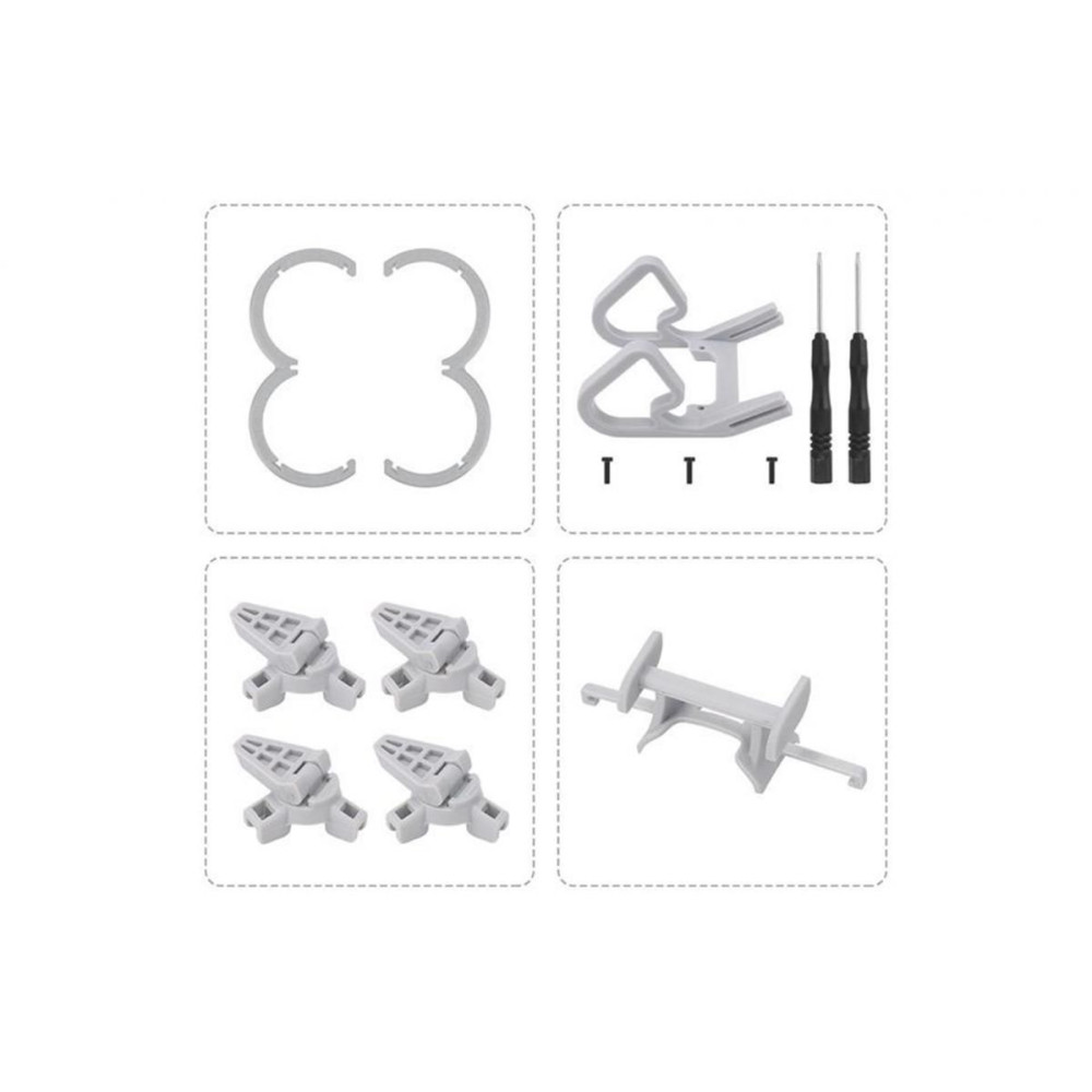 A DJI NEO Drone tartozékkészlet (60 g) alapvető védőelemeket tartalmaz a drónhoz. A készlet tartalmaz egy védőburkolatot a propellerhez, egy burkolatot a gimbalhoz, egy futóművet és egy farokszárnyat, amelyek nagyobb tartósságot és stabilitást biztosítanak repülés közben. Tartsa biztonságban drónját ezzel a könnyű és praktikus kiegészítőkészlettel.
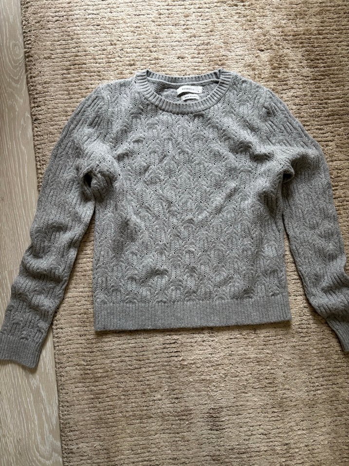 Gri renkli, örgü kumaştan uzun kollu, yuvarlak yakalı ve bol kesim kadın kazak. Rahat ve günlük kullanıma uygun sade tasarım. Bir iki kere kullanılmıştır butik ürünüdür marka temsili işaretliyorum iade almıyorum
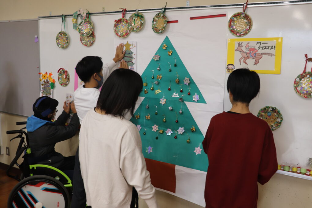 トピックス・News記事 中学部6、7組は、クリスマス会を実施しました。これまで教室の飾り作りや内容の企画等を生徒たちで考えて準備を進めてきました。

#####

## What you need to do
Write out the whole listing above exactly; do not include the pictures.

## The answer
 A DJI NEO Drone tartozékkészlet (60 g) alapvető védőelemeket tartalmaz a drónhoz. A készlet tartalmaz egy védőburkolatot a propellerhez, egy burkolatot a gimbalhoz, egy futóművet és egy farokszárnyat, amelyek nagyobb tartósságot és stabilitást biztosítanak repülés közben. Tartsa biztonságban drónját ezzel a könnyű és praktikus kiegészítőkészlettel.
 Gri renkli, örgü kumaştan uzun kollu, yuvarlak yakalı ve bol kesim kadın kazak. Rahat ve günlük kullanıma uygun sade tasarım. Bir iki kere kullanılmıştır butik ürünüdür marka temsili işaretliyorum iade almıyorum
 トピックス・News記事 中学部6、7組は、クリスマス会を実施しました。これまで教室の飾り作りや内容の企画等を生徒たちで考えて準備を進めてきました。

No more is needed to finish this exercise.